**Information shown**
*-*-*
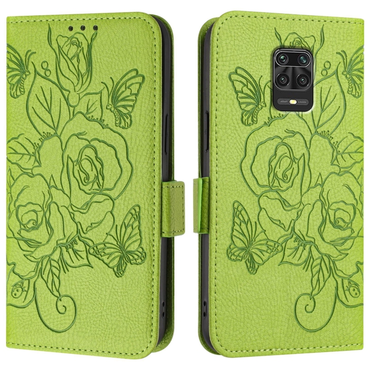 Funda de Cuero Antirrobo Rfid con Relieve Rosa para Redmi Note 9 Pro 4G / 9S 4G / 9 Pro Max (Verde)
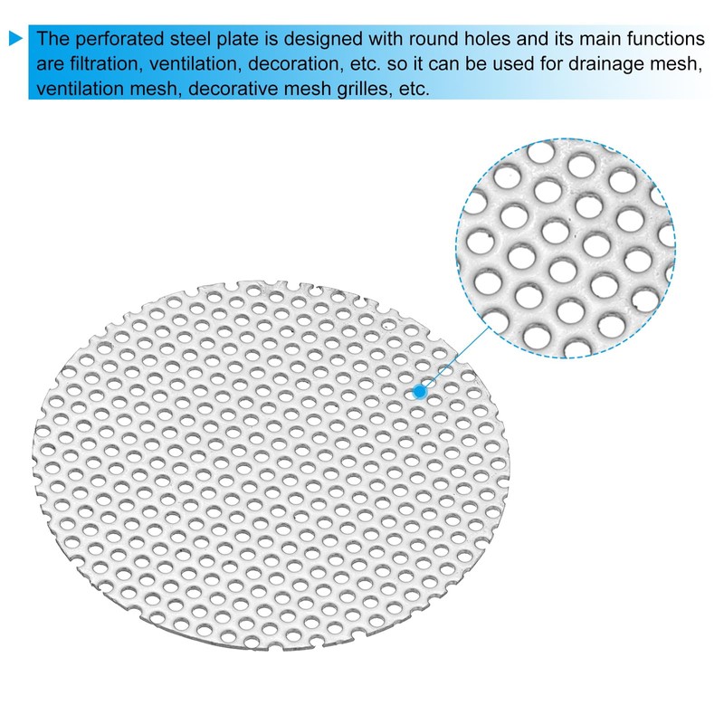The Perforated Sheet offers exceptional strength and stability due to its stainless steel construction. The precise round holes ensure efficient airflow, drainage, and visibility while maintaining structural integrity. The 304 stainless steel material provides good resistance to rust and corrosion, making it suitable for both indoor and outdoor use.
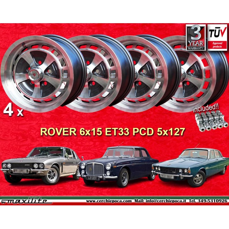 4 llantas XJS 6x15 + tuercas KM19 126 5x127 Jensen Rover P5 P5 P6 Interceptor
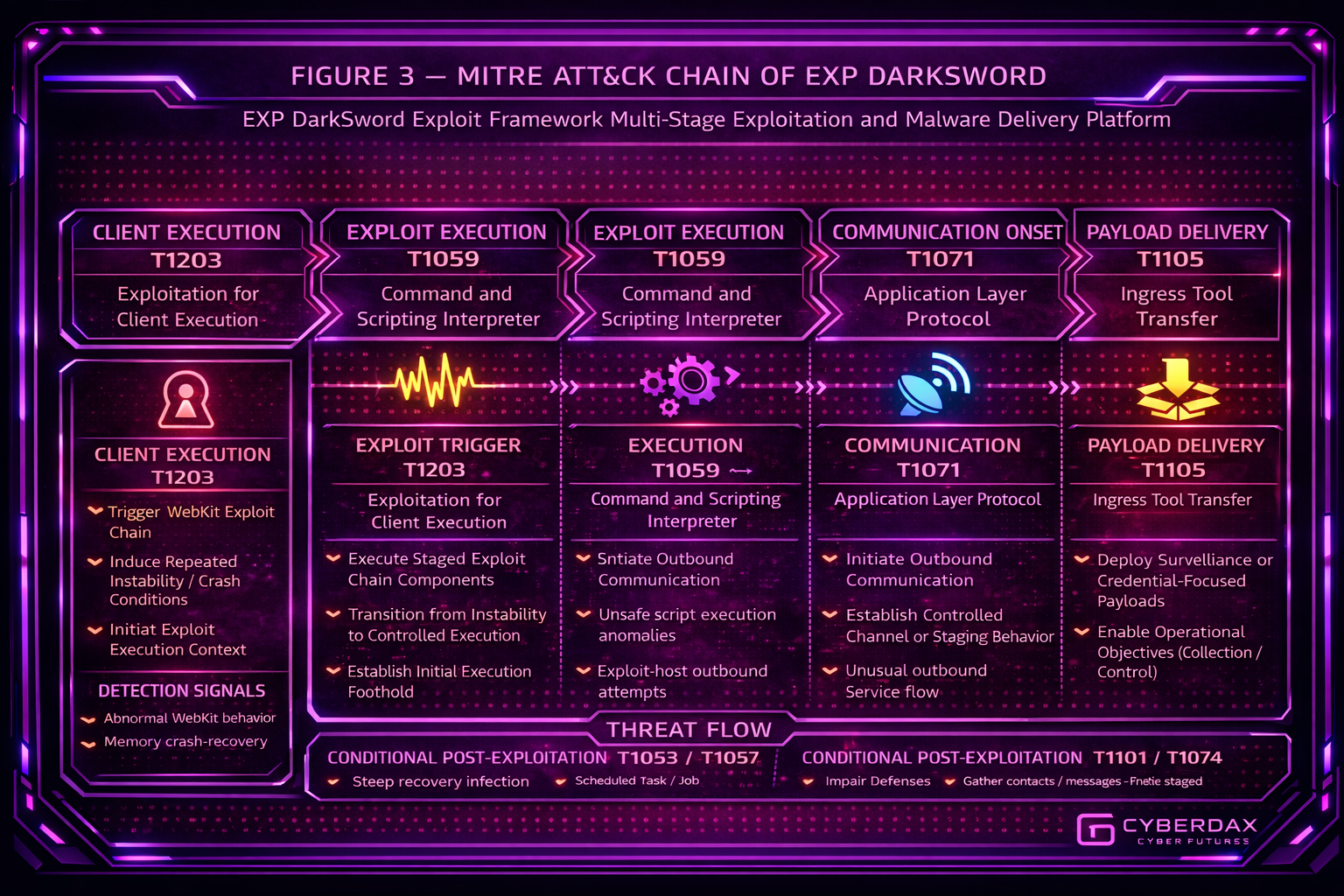 DarkSword is a multi-stage iOS exploit framework that chains multiple vulnerabilities, including zero-days, to achieve full device compromise and enable controlled delivery of post-exploitation malware. The framework executes coordinated exploit stages across WebKit, user-space, and kernel layers to bypass platform protections, escalate privileges, and establish execution control prior to payload deployment. This design minimizes observable indicators during initial compromise and enables device takeover without traditional malware delivery artifacts or user interaction.
*-*-*
**What is being asked**
Leave the pictures out and please restate exactly the lines running from the start of the material through the one with "4 llantas XJS".

**Written response**
 Funda de Cuero Antirrobo Rfid con Relieve Rosa para Redmi Note 9 Pro 4G / 9S 4G / 9 Pro Max (Verde)
The Perforated Sheet offers exceptional strength and stability due to its stainless steel construction. The precise round holes ensure efficient airflow, drainage, and visibility while maintaining structural integrity. The 304 stainless steel material provides good resistance to rust and corrosion, making it suitable for both indoor and outdoor use.
 4 llantas XJS 6x15 + tuercas KM19 126 5x127 Jensen Rover P5 P5 P6 Interceptor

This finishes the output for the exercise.